En Afrique du Sud, des associations ont dû attaquer l’État en justice pour garantir aux manchots du Cap un accès suffisant… à leur propre poisson. C’est un drame écologique qui voit des joutes administratives interminables.
Des manchots en nage
Les manchots du Cap sont une espèce en danger critique d’extinction en Afrique du Sud. Leur principal problème : ils ne trouvent plus assez de poissons (anchois et sardines), car la pêche industrielle les prive de leur nourriture près des côtes où ils vivent et se reproduisent.
Depuis 2008, des scientifiques dont Dr Rob Crawford ont commencé des expérimentations pour voir si fermer certaines zones de pêche près des colonies de manchots pouvait les aider.
Les premiers résultats ont montré que oui, fermer ces zones augmentait leur survie et leur reproduction. De nombreuses études comme celle de Richard Shirley en 2018 ont confirmé ces bénéfices.
Malgré cela, il n’y avait toujours pas de décision officielle pour fermer durablement ces zones, car les pêcheurs industriels s’y opposaient, par crainte des pertes économiques.
Une vraie question se pose alors : Peut-on faire un pied de nez aux espèces en danger si cela rapporte plus? Bien sûr, la communauté scientifique dit que non.
Le gouvernement rentre dans cette histoire
Pour le gouvernement d’Afrique du Sud, il s’agit de trouver un compromis. En 2021, il organise des négociations pour trouver un compromis sur quelles zones fermer et comment limiter l’impact sur la pêche. L’échec est total : aucun accord n’a été trouvé.
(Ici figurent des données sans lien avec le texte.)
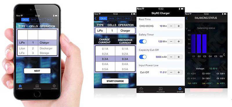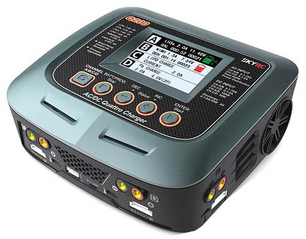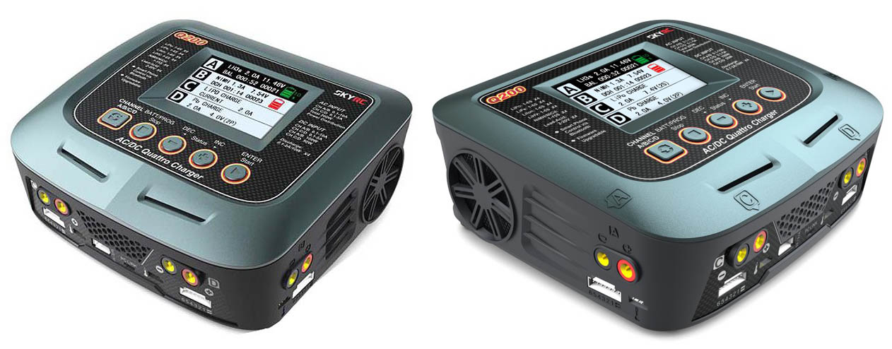 Wanneer men electrische vliegtuigen, auto's of boten of zelfs drones bestuurt, houdt men er niet van om te wachten tot de accu's opgeladen zijn. Met de Q200 van SkyRC, kunt u simultaan 4 packs laden en zo uw volgende bestuursessie vlugger klaarmaken en zelfs op het terrein uw packs laden terwijl u nog volop in actie bent.

Pour contrer cette situation, les scientifiques font appel à un panel international en 2023 : Ce panel a réévalué la situation et confirme que fermer ces zones aide vraiment les manchots et qu’il faut des fermetures d’au moins 10 ans, car un manchot commence à se reproduire vers 4-6 ans et vit environ 10 ans.
La ministre Barbara Creecy a annoncé des fermetures pour 10 ans… mais a laissé aux pêcheurs et écologistes le soin de définir quelles zones exactement fermer. Même si les manchots, eux, ont été classés “en danger critique d’extinction”, avec une possible disparition d’ici 2035 si rien n’est fait, aucun accord n’est trouvé en 2023.
Il a fallu amener cette histoire devant la justice!
En 2024, faute de solutions rapides, BirdLife South Africa et SANCCOB (une ONG de protection des oiseaux) ont attaqué le gouvernement en justice et ont été soutenus par le Biodiversity Law Center.
Ils demandaient des zones de pêche interdites claires et immédiates pour sauver l’espèce.
En mars 2025, ils obtiennent gain de cause et juste avant le procès, un compromis a été accepté. Des zones de pêche interdites autour des six colonies principales de manchots ont été définies et ces fermetures dureront 10 ans, avec un bilan après 6 ans,
Comme quoi, menancer quelqu’un d’un procès peut être utile.
Le témoignage d’un écologiste marin qui a vécu cette affaire
Le Dr Alistair McInnes, écologiste marin et responsable de la conservation des oiseaux marins à BirdLife South Africa, revient sur cette histoire abracadabrantesque : « Cela a été un long processus. Il a fallu 14 ans de recherches et d’expérimentations pour prouver l’impact positif des zones de fermeture à la pêche sur les manchots du Cap.
Pourtant, malgré ces preuves scientifiques, les négociations entre pêcheurs industriels et écologistes ont échoué en 2021 et 2022, ce qui a laissé un vide qui nous a forcés à porter l’affaire devant la justice en 2024. »
Son témoignage montre deux éléments qui rendent cette histoire intéressante:
- La lenteur administrative, pire qu’en France : malgré des données scientifiques claires, il aura fallu près de quinze ans pour transformer des résultats d’expérimentations en décisions politiques.
- L’importance des compromis : Dr McInnes a parlé de la difficulté à trouver un accord qui « maximise les bénéfices pour les manchots tout en minimisant les pertes pour la pêche ». Un vrai exemple de la difficulté de concilier économie et écologie.
Finalement, après des années de rapports, de réunions et de menaces d’extinction, la justice a tranché en faveur des manchots, parce que les gains financiers peuvent revenir mais pas une espèce disparue.